• _EXERCISE REQUIREMENTS_
Entries below include pictures. Output exactly the lines from the one with "je nach dem" down to the one with "2、雾凇岛:雾凇岛位于吉林省", both ends included, and leave the pictures out.

• _STUDY MATERIAL_
□ □ □

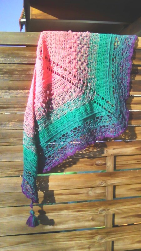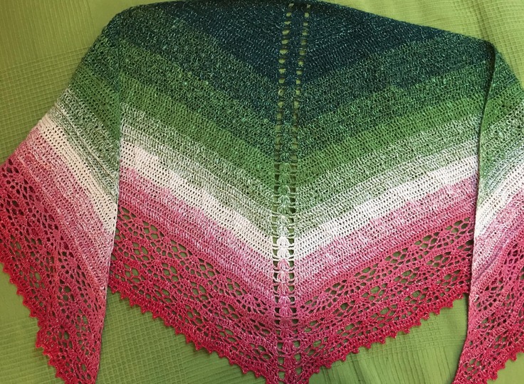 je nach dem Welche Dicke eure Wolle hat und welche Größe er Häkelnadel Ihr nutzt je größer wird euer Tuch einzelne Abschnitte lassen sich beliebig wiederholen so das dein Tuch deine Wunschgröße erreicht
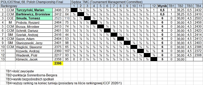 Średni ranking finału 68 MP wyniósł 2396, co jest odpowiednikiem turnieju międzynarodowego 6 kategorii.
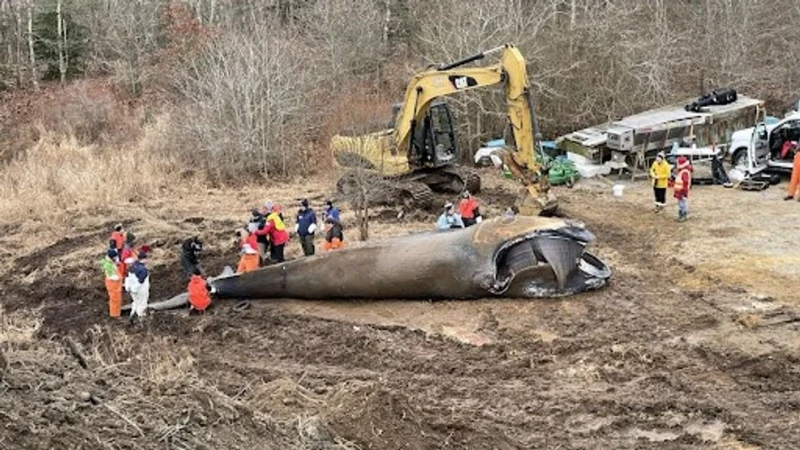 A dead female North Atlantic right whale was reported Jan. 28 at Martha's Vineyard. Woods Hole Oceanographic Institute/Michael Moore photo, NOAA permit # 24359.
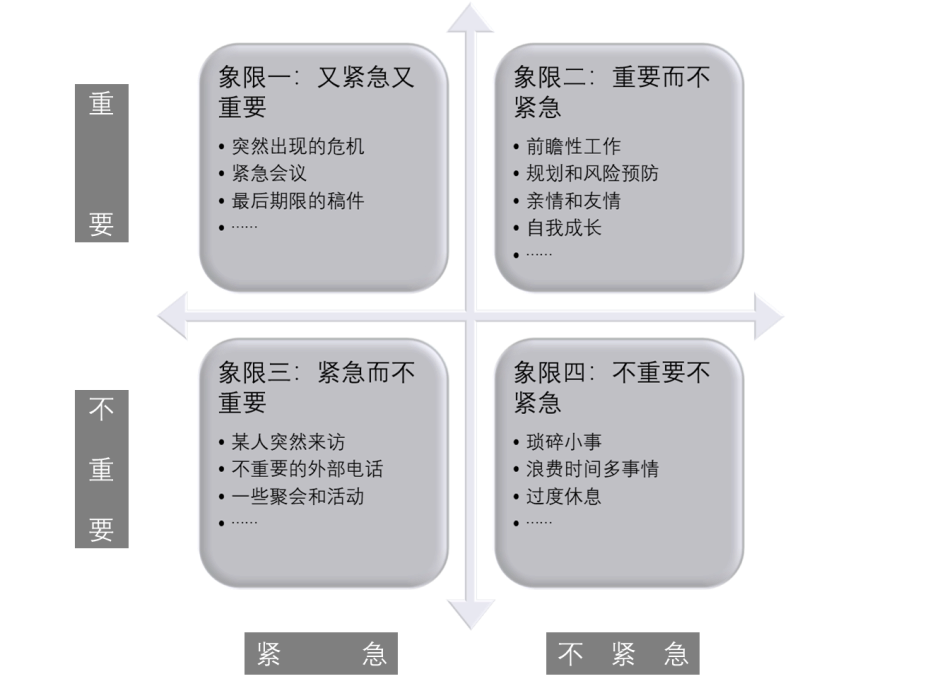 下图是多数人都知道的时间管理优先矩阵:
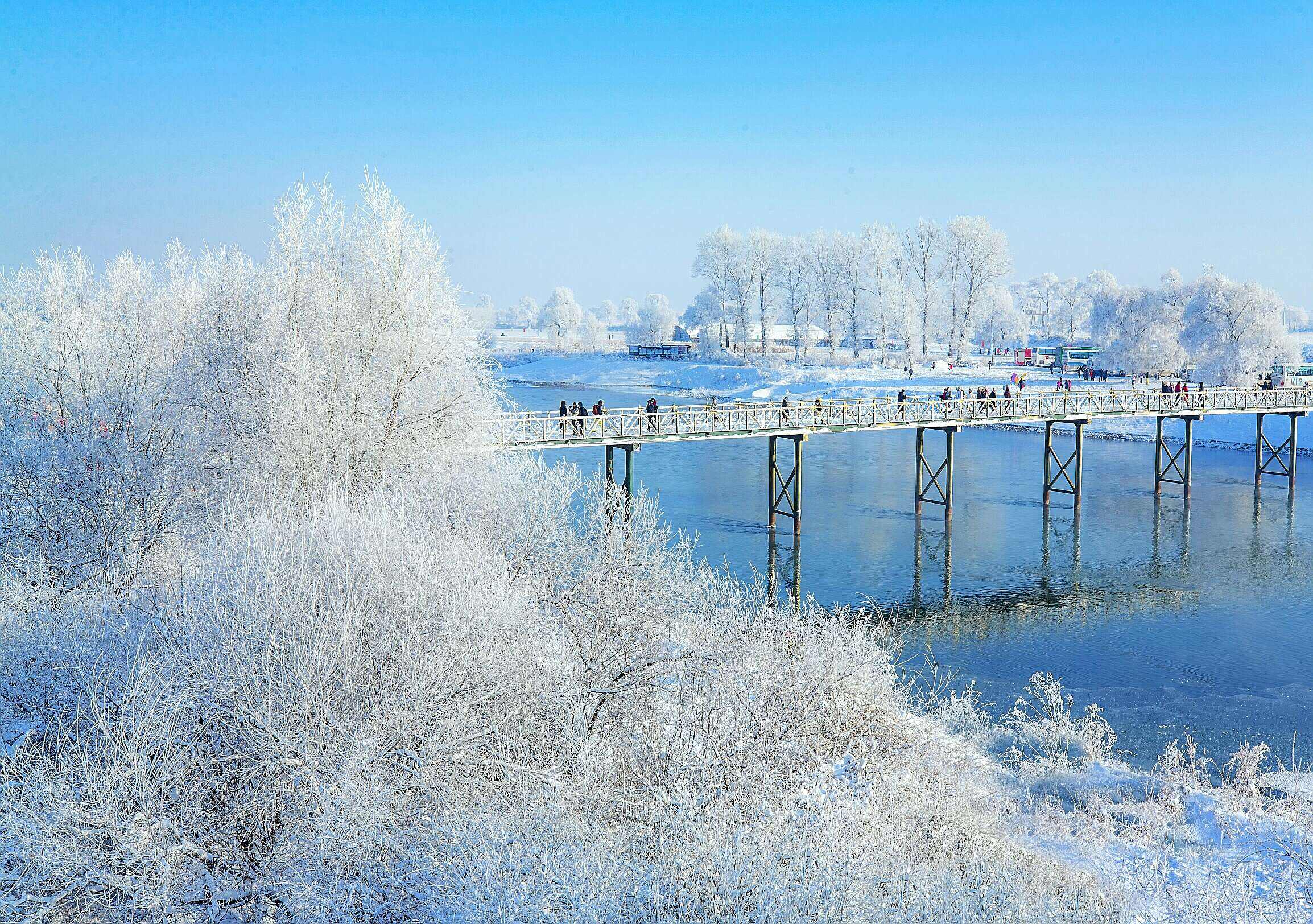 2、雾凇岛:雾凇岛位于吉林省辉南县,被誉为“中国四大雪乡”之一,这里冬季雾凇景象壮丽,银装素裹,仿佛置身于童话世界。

□ □ □

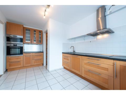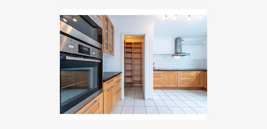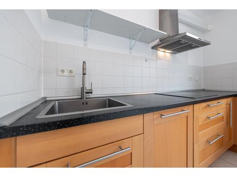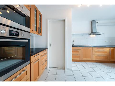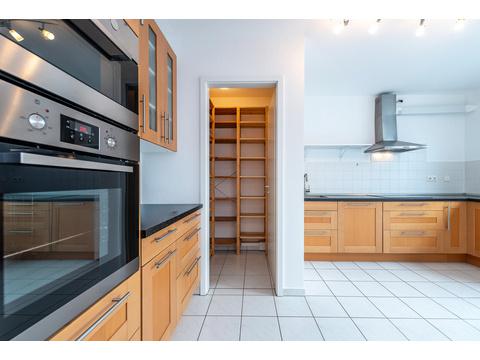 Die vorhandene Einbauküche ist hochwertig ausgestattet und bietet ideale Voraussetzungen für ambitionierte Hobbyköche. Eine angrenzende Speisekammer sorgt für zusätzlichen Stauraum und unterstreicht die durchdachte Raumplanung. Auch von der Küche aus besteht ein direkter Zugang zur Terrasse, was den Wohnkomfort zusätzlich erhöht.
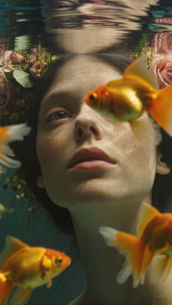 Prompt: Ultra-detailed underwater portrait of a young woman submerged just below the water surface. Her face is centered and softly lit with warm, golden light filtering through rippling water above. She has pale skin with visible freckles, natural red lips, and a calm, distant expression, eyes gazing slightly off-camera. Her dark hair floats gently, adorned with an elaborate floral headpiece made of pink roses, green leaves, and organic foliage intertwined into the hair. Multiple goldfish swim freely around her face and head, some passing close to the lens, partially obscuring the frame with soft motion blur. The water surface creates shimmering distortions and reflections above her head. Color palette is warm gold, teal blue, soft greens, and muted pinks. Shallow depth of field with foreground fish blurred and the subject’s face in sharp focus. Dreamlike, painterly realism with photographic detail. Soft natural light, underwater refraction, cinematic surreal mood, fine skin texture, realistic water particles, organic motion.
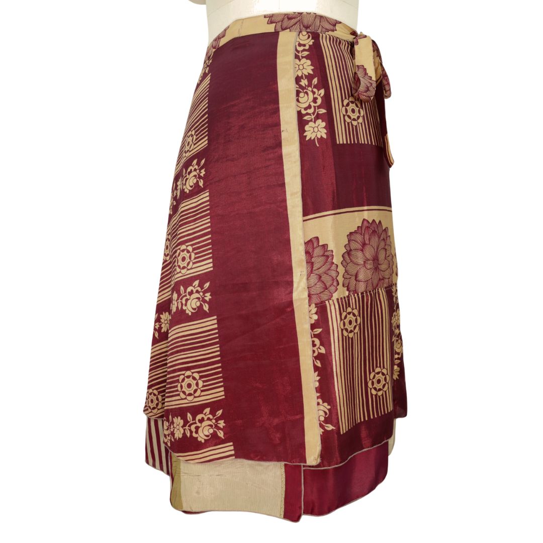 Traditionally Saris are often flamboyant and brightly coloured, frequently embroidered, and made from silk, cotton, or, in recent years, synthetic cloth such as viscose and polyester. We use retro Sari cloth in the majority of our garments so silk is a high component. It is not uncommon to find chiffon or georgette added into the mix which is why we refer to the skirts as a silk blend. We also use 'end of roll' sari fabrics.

□ □ □

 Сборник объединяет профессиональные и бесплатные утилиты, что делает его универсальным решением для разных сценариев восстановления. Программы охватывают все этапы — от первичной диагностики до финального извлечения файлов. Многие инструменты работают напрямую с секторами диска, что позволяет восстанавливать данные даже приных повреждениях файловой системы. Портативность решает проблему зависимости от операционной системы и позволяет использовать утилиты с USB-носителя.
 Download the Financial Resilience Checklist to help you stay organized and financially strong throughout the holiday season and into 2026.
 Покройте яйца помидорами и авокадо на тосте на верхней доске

□ □ □

• _ANSWER BOX_
 je nach dem Welche Dicke eure Wolle hat und welche Größe er Häkelnadel Ihr nutzt je größer wird euer Tuch einzelne Abschnitte lassen sich beliebig wiederholen so das dein Tuch deine Wunschgröße erreicht
 Średni ranking finału 68 MP wyniósł 2396, co jest odpowiednikiem turnieju międzynarodowego 6 kategorii.
 A dead female North Atlantic right whale was reported Jan. 28 at Martha's Vineyard. Woods Hole Oceanographic Institute/Michael Moore photo, NOAA permit # 24359.
 下图是多数人都知道的时间管理优先矩阵:
 2、雾凇岛:雾凇岛位于吉林省辉南县,被誉为“中国四大雪乡”之一,这里冬季雾凇景象壮丽,银装素裹,仿佛置身于童话世界。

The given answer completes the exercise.